То ли потому, что греческий порядок был знаком, то ли потому, что в столицах всё делается не так размеренно, показалось, что служба пролетела быстро. Мы приложились к иконам и уже выходили из храма, как приметили монаха, взявшего под опеку братьев-украинцев и теперь рассказывающего что-то двум батюшкам и молодому комсомольцу. Мы подошли в самый нужный момент, когда монах произнёс:
— А теперь пройдём к главной святыне нашего монастыря — мощам преподобного Афанасия Афонского[82].
Мощи Афанасия Великого покоились в левом приделе. Тут же появился настоящий греческий монах, сухонький, бодренький, с проседью в чёрных волосах и улыбающийся, стал что-то объяснять нам, пытаясь нет-нет да и вставлять русские слова, отчего понять его совсем было невозможно, но слушалось с удовольствием. Приведший нас монах немного поморщился, ответил улыбающемуся монаху, тот закивал головой, и наш покровитель кивнул:
— Ну, прикладывайтесь.
Сначала приложились священники, потом — мы. И никто нас никуда не торопил. Стой сколько хочешь! Ведь только стоило попросить… Господи, будь всегда так милостив ко мне. Впрочем, я знаю: Ты всегда и так был милостив, просто я не замечал этого. Мне не о чем больше просить Тебя.

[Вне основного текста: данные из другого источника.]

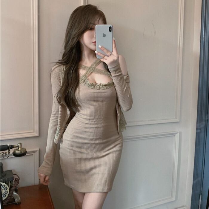 レディースオータムウィンタースリムレースドレス スタイルカーディガンレッド 秋物 冬物 ドラファッションホール99072934818
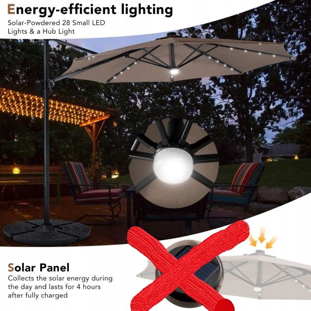 Романтическая светодиодная панель и энергосберегающая солнечная панель: зонт для патио оснащен 24 встроенными светодиодными лампочками, которые будут освещать ваш внутренний дворик, когда наступит ночь. Мягкое освещение создаст для вас романтическую атмосферу. Кроме того, все светодиодные лампы питаются от солнечных батарей наверху, чтобы экономить энергию, сохраняя при этом отличное освещение.
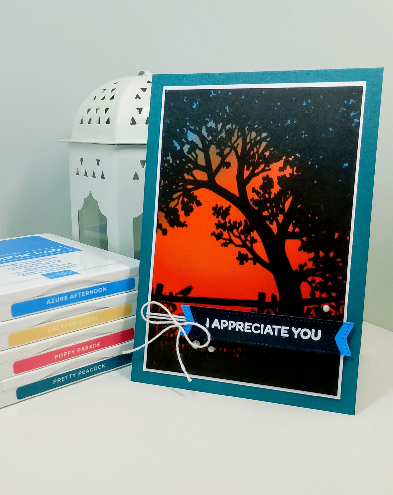 I used the Peaceful View stamp and used inks to create a blended “sunrise / sunset” look.

А вот Алексей Иванович знал, что просить. После того, как все приложились и стояли присмиревшие и тихие, он наклонился к греку:
— Иелеесу бы.
Монах оживился и снова что-то быстро заговорил, откуда-то появилось несколько пузырьков и длинная палка с крюком, которой он осторожно снял лампаду над мощами святого Афанасия и прямо оттуда стал наливать масло.
Господи, неоценимы дары Твои!
Встрепенулся и наш монах и что-то стал объяснять греку. Общение их было живо и, как обычно, непонятно, то ли они препирались, то ли рассыпались в благодарностях. В итоге появилось ещё несколько пузырьков, монах снял ещё одну лампаду и, разлив из неё масло, передал нашему руководителю, а тот торжественно вручил их смиренному батюшке.
— Вот, всем остальным раздашь.
Тот поклонился.
— А сейчас надо готовиться к трапезе, а после я вам экскурсию проведу, — объявил наш монах.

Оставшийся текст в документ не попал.